Members emphasized the need to attract investments, particularly, to auto manufacturing, aviation, and rail industries to boost non-oil revenues. The Committee, thus, expressed the view that, key policy mechanisms to shield the Nigerian economy from persisting global shocks and other emerging domestic shocks, are urgently required for the economy to continue to post positive growth.
The Committee also recognized the several measures put in place by the Bank to boost foreign exchange liquidity. Particularly, Members were of the view that the recent policy on foreign exchange market reform would increase market transparency and encourage more foreign capital inflows. It, therefore, urged the Bank to leverage on effective policies to attract remittances from diaspora to help moderate exchange rate pressures.
The Committee commended the Bank's role in the effective oversight of the banking system, evidenced by the relative stability in key financial soundness indicators and resilience of the sector, despite tight global and domestic financial conditions. Members, however, noted the potential impact of the recent policy reforms on financial system stability and called on the Management to act proactively to ringfence the banking system from any possible second-round effects. The MPC, thus, urged the Bank to sustain its macro-prudential surveillance over the banking system.
Following the outlook for the domestic economy, Members were of the view that the Committee was confronted with only two policy options, to hold or hike the policy rate to offset the moderate increase in headline inflation.

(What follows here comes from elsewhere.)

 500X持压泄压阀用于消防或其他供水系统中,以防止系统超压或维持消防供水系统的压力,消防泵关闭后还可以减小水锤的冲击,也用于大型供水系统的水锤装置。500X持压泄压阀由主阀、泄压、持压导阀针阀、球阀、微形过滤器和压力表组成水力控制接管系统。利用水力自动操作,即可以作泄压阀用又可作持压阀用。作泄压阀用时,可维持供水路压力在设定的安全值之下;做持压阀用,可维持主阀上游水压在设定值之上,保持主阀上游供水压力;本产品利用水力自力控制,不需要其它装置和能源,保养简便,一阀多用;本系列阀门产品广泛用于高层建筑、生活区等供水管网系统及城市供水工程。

Considering the option to hold, the Committee reviewed the impact of the continued rise in inflation on various macroeconomic variables, noting the potential dampening effect on output growth. Members agreed unanimously that the previous series of rate hikes had indeed greatly moderated the pace of price increases.

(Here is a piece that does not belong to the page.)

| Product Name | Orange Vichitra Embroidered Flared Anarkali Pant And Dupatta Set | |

The option to continue to hike the policy rate, albeit moderately, also presented a strong alternative. This is premised on the expected liquidity injections into the economy from the recent policy developments and the likely impact on inflation.
The Committee remained cautious in arriving at a policy decision as Members noted the need to continue to support investment which will ultimately lead to the recovery of output growth. The balance of these arguments thus, leaned in favour of a moderate rate hike, to sustain efforts at anchoring inflation expectation, narrow the negative real interest rate gap, and improve investor confidence.
The MPC, thus, resolved by a majority vote to raise the Monetary Policy Rate (MPR). Six (6) Members voted to raise the MPR: Four (4) Members by 25 basis points and two (2) Members by 50 basis points. Five (5) Members voted to hold the MPR constant. All Members voted to narrow the asymmetric corridor from +100/-700 to +100/-300 basis points around the MPR.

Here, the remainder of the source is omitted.